▸ Records for the task:
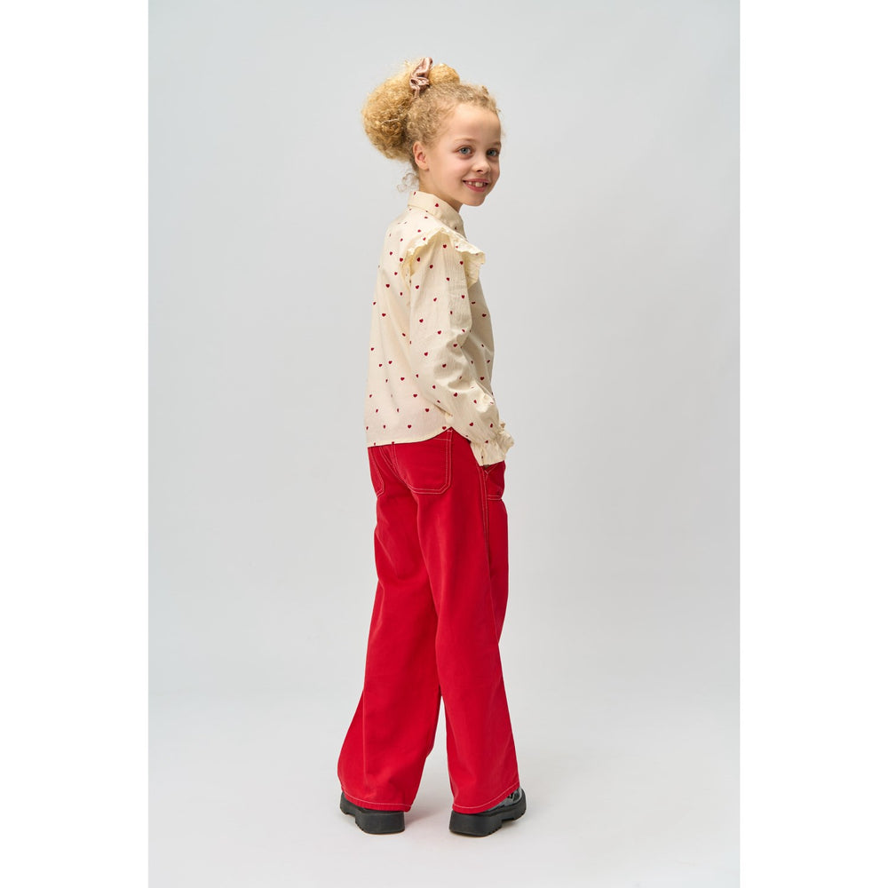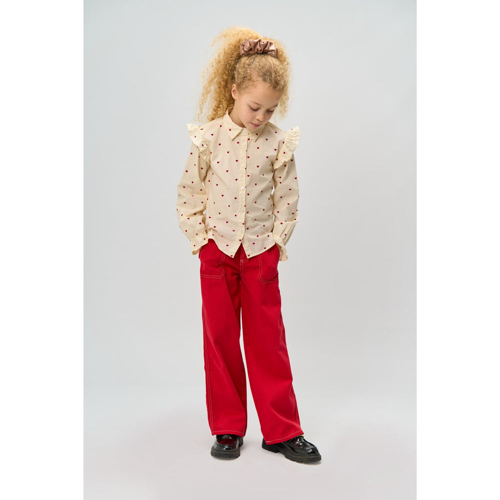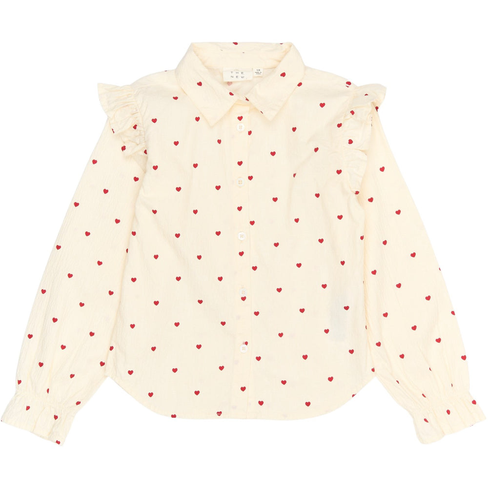Discover the charming New Gardenia AOP Ramona Shirt, ideal for adding a playful touch to your child's wardrobe. Crafted in a comfortable regular fit with long sleeves, this shirt features an adorable all-over heart print that radiates fun and style. The stylish flip collar and delicate frills on the shoulders add a unique, feminine flair. Whether it's for daily wear or special occasions, this shirt combines effortless chic with cozy comfort, making it a perfect choice for any event. Easy to care for, this piece ensures that your little one remains both comfortable and stylish all day long.
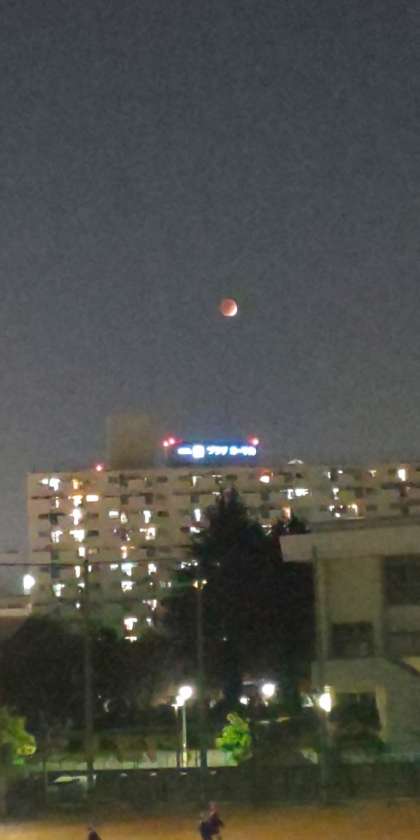 学校から月食が見えます。
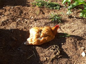 今日のブリスベンは気持ちよく晴れました。砂浴びをする我が家のニワトリ(もう一羽います)。ガーデンベッドの土には、この方のう〇ちも入れています。栄養満点。
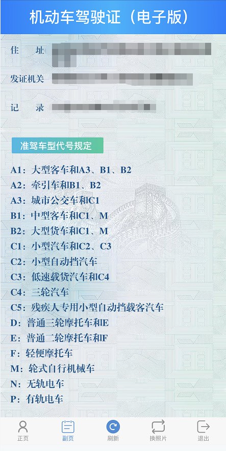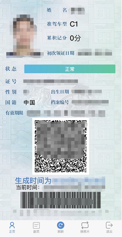 驾驶证基本信息,主要包括驾驶人照片、证号、姓名、性别、国籍、出生日期、初次领证日期、准驾车型、有效期限、累积记分、状态、证芯编号一维码、住址、发证机关、档案编号、当前时间、记录(包括准驾车型起始日期、校车准驾信息)、准驾车型对照表等内容。
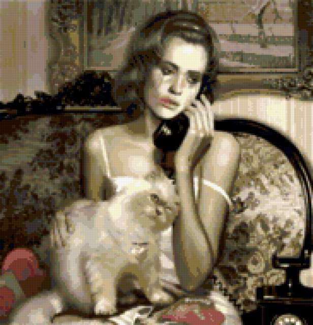Ориентировочно так, схема вышивки «Телефонный звонок», созданная автором rybka6, будет выглядеть при отшиве на канве. Размер данной вышивки равен 183x190 крестов, при этом используется 42 цветов. Ключевые слова, по которым можно найти эту схему: девушка, портрет, телефон, ретро, разговор, кошка, кот, котик, киска. Также, вы можете взглянуть на оригинальную картинку, соответствующую данной схеме вышивки.
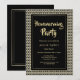En inbjudan till en svart, vit och guld-inramad husuppvärmningspartiet.
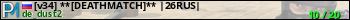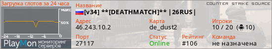 [v34] **[DEATHMATCH]** |26RUS| представлен в виде сервера ксс. Из всех имеющихся на сайте модификаций игровых серверов, наша система поставила метку DeathMatch сервера css. В нашем мониторинге игровых серверов вы так же можете найти быструю навигацию по всем меткам - используйте главную страницу игры Counter Strike Source.
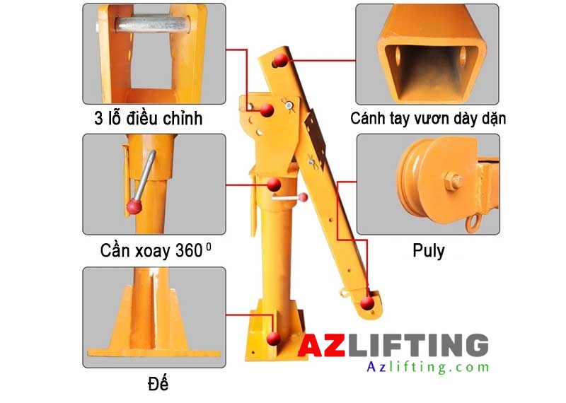 Khung cẩu xoay ô tô mini này thường kết hợp với tời ắc quy, tời quay tay, tời điện các dòng PA, KCD có trọng tải từ 500kg đổ xuống để xếp dỡ vật nặng, hàng hóa trên xe tải tại các nhà kho, bến cảng, nhà xuởng...
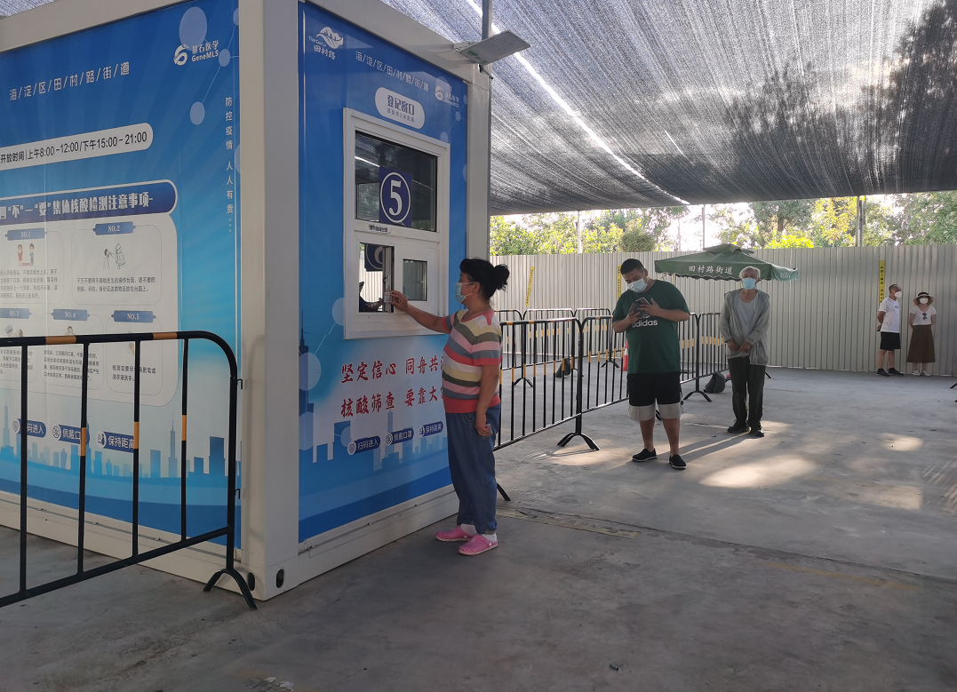 7月17日是入伏的第二天,北京骄阳似火,戴着N95口罩、身穿防护服的“大白”们仍坚守岗位忙碌,忍受着高温天气的“烤”验。为了保障“大白”们能够享受一丝清凉,海淀区田村路街道山南路核酸检测点空调、冷饮、防晒网齐上阵,为酷暑开出“凉”方。

▸ Goal of the exercise: Return the complete material exactly as given, excluding images.

▸ Your response:
Discover the charming New Gardenia AOP Ramona Shirt, ideal for adding a playful touch to your child's wardrobe. Crafted in a comfortable regular fit with long sleeves, this shirt features an adorable all-over heart print that radiates fun and style. The stylish flip collar and delicate frills on the shoulders add a unique, feminine flair. Whether it's for daily wear or special occasions, this shirt combines effortless chic with cozy comfort, making it a perfect choice for any event. Easy to care for, this piece ensures that your little one remains both comfortable and stylish all day long.
 学校から月食が見えます。
 今日のブリスベンは気持ちよく晴れました。砂浴びをする我が家のニワトリ(もう一羽います)。ガーデンベッドの土には、この方のう〇ちも入れています。栄養満点。
 驾驶证基本信息,主要包括驾驶人照片、证号、姓名、性别、国籍、出生日期、初次领证日期、准驾车型、有效期限、累积记分、状态、证芯编号一维码、住址、发证机关、档案编号、当前时间、记录(包括准驾车型起始日期、校车准驾信息)、准驾车型对照表等内容。
Ориентировочно так, схема вышивки «Телефонный звонок», созданная автором rybka6, будет выглядеть при отшиве на канве. Размер данной вышивки равен 183x190 крестов, при этом используется 42 цветов. Ключевые слова, по которым можно найти эту схему: девушка, портрет, телефон, ретро, разговор, кошка, кот, котик, киска. Также, вы можете взглянуть на оригинальную картинку, соответствующую данной схеме вышивки.
En inbjudan till en svart, vit och guld-inramad husuppvärmningspartiet.
 [v34] **[DEATHMATCH]** |26RUS| представлен в виде сервера ксс. Из всех имеющихся на сайте модификаций игровых серверов, наша система поставила метку DeathMatch сервера css. В нашем мониторинге игровых серверов вы так же можете найти быструю навигацию по всем меткам - используйте главную страницу игры Counter Strike Source.
 Khung cẩu xoay ô tô mini này thường kết hợp với tời ắc quy, tời quay tay, tời điện các dòng PA, KCD có trọng tải từ 500kg đổ xuống để xếp dỡ vật nặng, hàng hóa trên xe tải tại các nhà kho, bến cảng, nhà xuởng...
 7月17日是入伏的第二天,北京骄阳似火,戴着N95口罩、身穿防护服的“大白”们仍坚守岗位忙碌,忍受着高温天气的“烤”验。为了保障“大白”们能够享受一丝清凉,海淀区田村路街道山南路核酸检测点空调、冷饮、防晒网齐上阵,为酷暑开出“凉”方。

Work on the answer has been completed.